The Distributed ASCI Supercomputer (DAS)
The DAS is a six-cluster computer-science infrastructure funded by NWO (the Dutch National Science Foundation) and installed and maintained by the ASCI Research School. One of the clusters is located at TU Delft. The DAS is very important for the research of the PDS group. The KOALA scheduler has been developed for and installed on the DAS.
Infrastructure Virtualization for e-Science (IV-e, part of the national Dutch COMMIT programme, 2011-2017).
This project is a sequel to the VL-e project (see below) on resource management, e-Science applications, workflows and data management in large-scale distributed computing systems such as clouds. The two research topics of the PDS group in this project are further development of the KOALA scheduler and application-specific scheduling. In particular, we currently focus on scheduling data-intensive frameworks such as MapReduce and workflow scheduling.
PhD students: Bogdan Ghit and Alexey Ilyuskin
GUARD-G: Guaranteed Delivery in Grids (2007-2012)
The goal of this project on grid computing is to design and analyze techniques for delivering guaranteed service to applications in grids. The GUARD-G project is part of the GLANCE programme funded by NWO, and is performed jointly with Leiden University.
PhD student: Nezih Yigitbasi
Postdoc: Hashim Mohamed
ALEA: Handling Uncertainties in Large-Scale Distributed Systems (2009-2010)

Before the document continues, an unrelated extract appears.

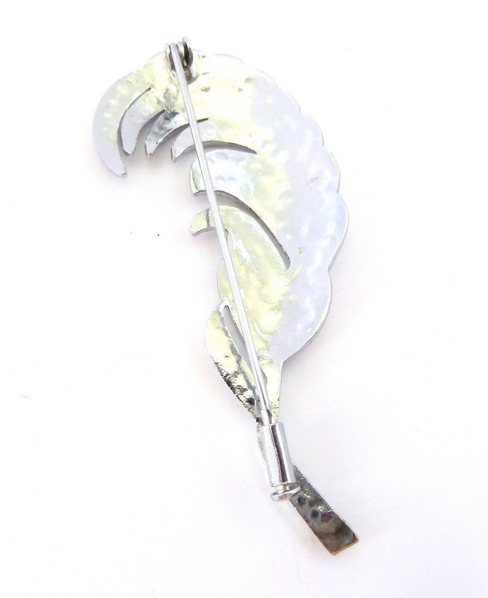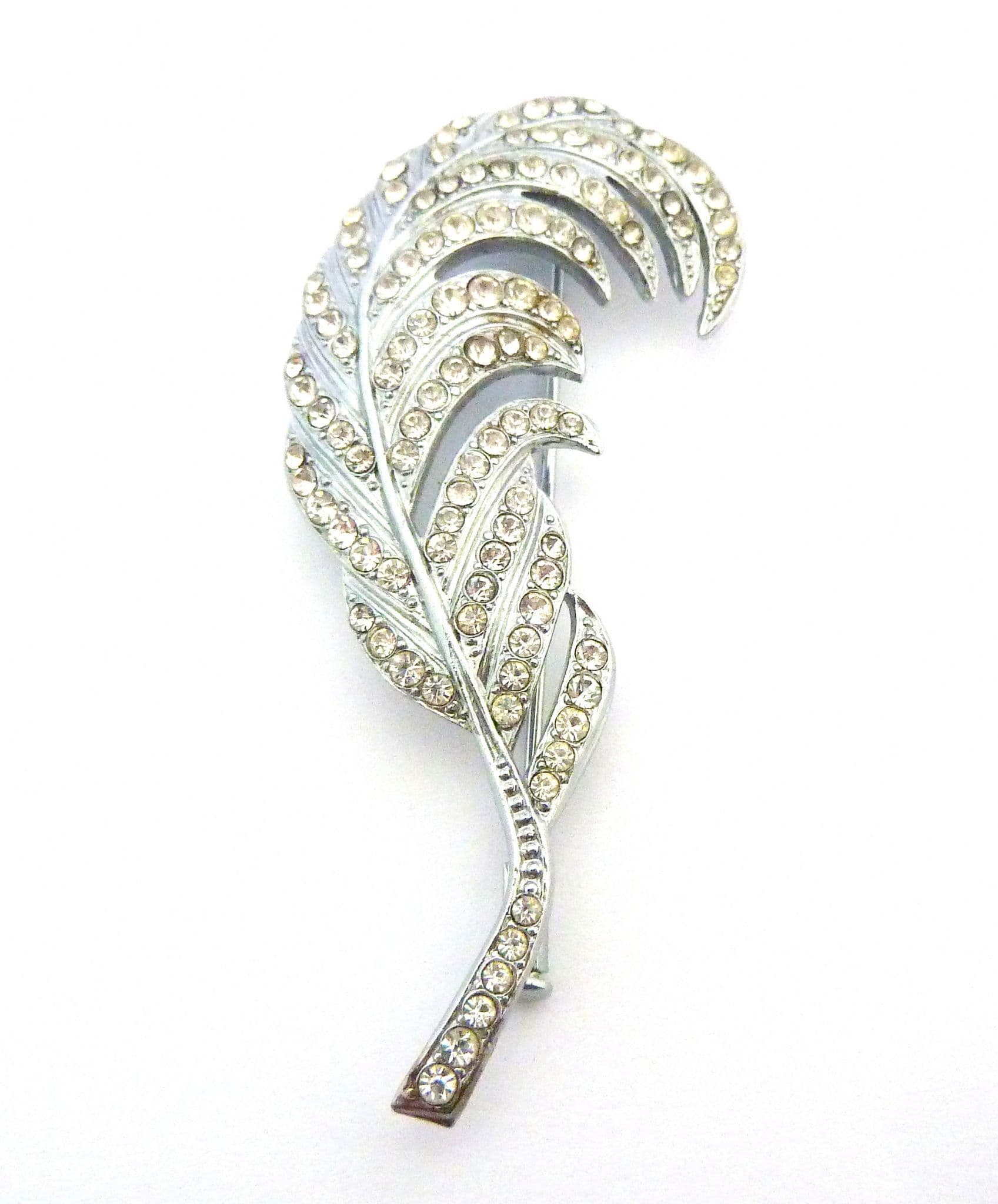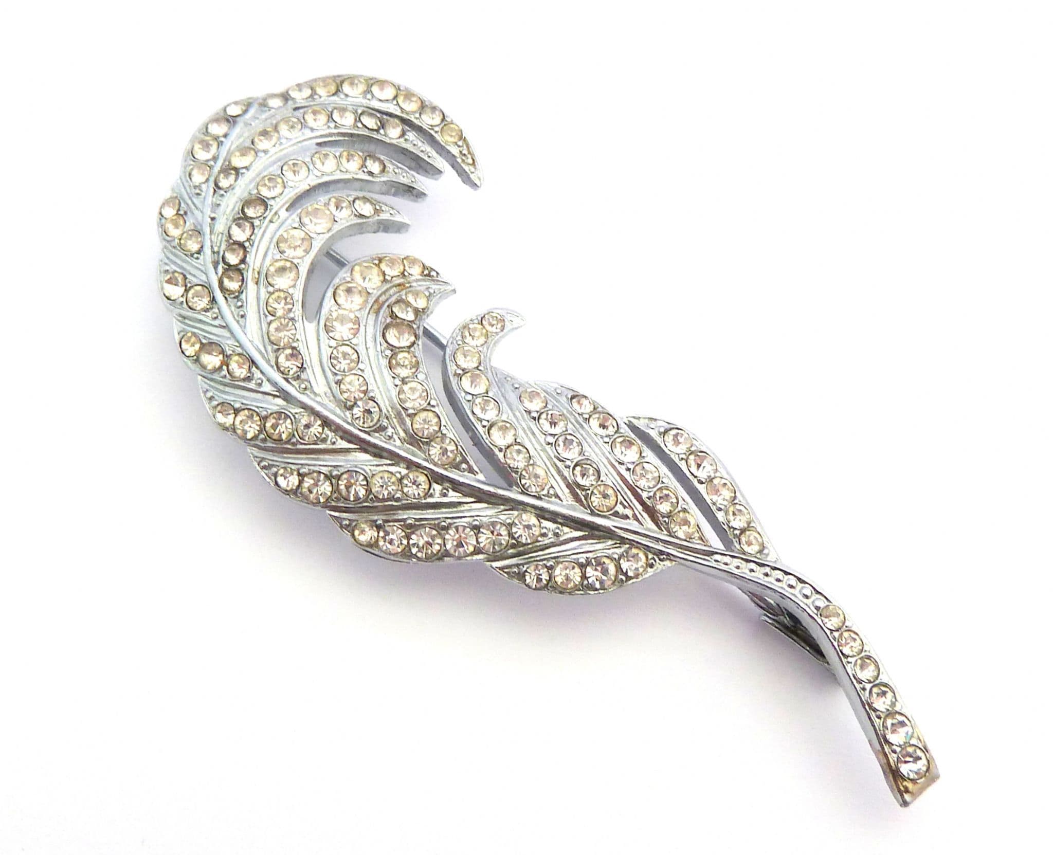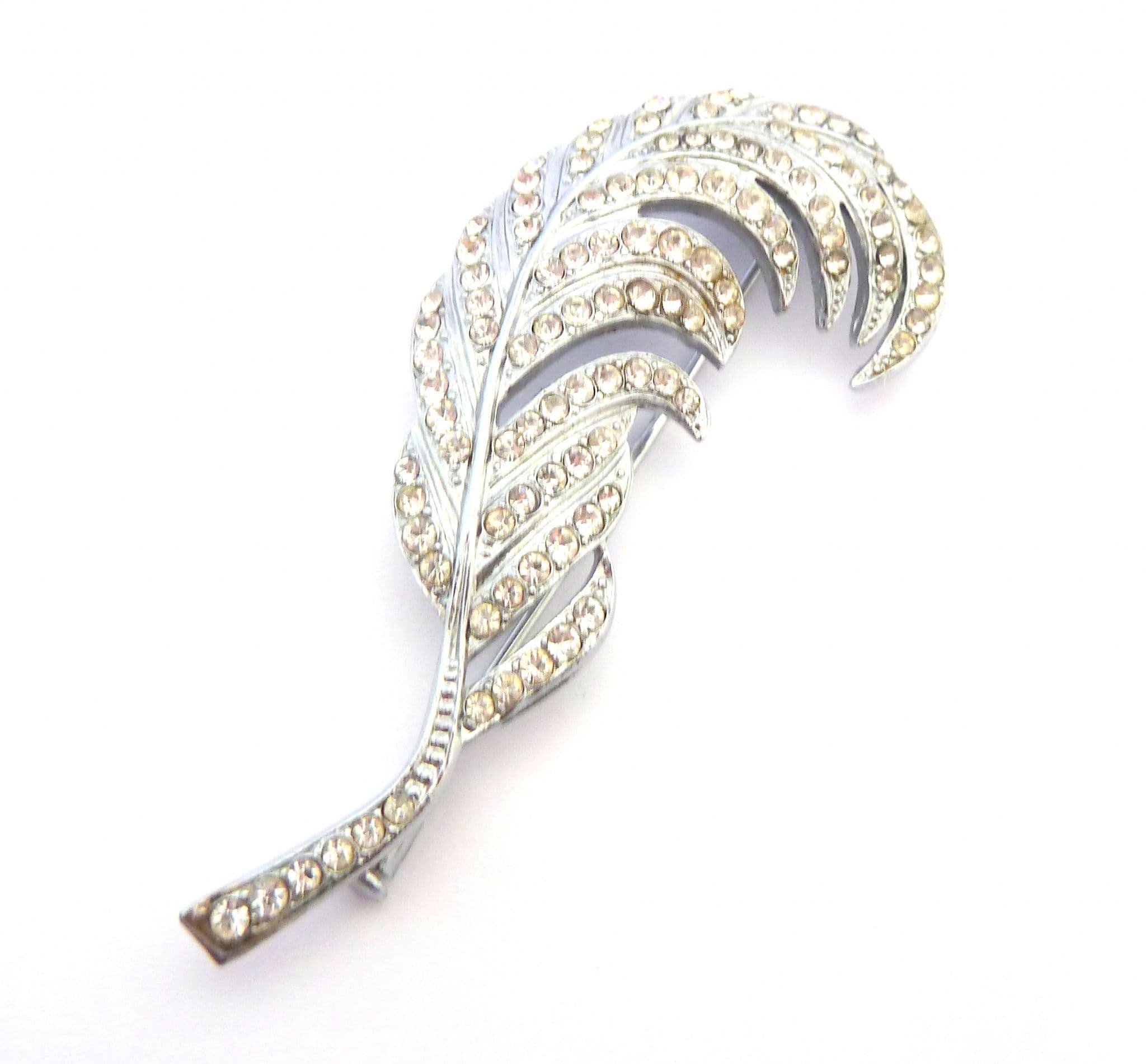 A vintage art deco era rhinestone set curving leaf design brooch. Formed from silver tone metal set with clear rhinestones in a curving leaf design. Circa 1930's - early 40's

The goal of ALEAE is to provide models and algorithmic solutions in the field of resource management that cope with uncertainties in large-scale distributed systems. ALEAE is a joint project of Delft University of Technology, INRIA in France, Osaka University in Japan, and the Zuse Institute in Berlin, Germany. One of the main achievements of the ALEAE project is the Failure Trace Archive (FTA), which is a centralized public repository of availability traces of parallel and distributed systems, and tools for their analysis. The purpose of this archive is to facilitate the design, validation, and comparison of fault-tolerant models and algorithms.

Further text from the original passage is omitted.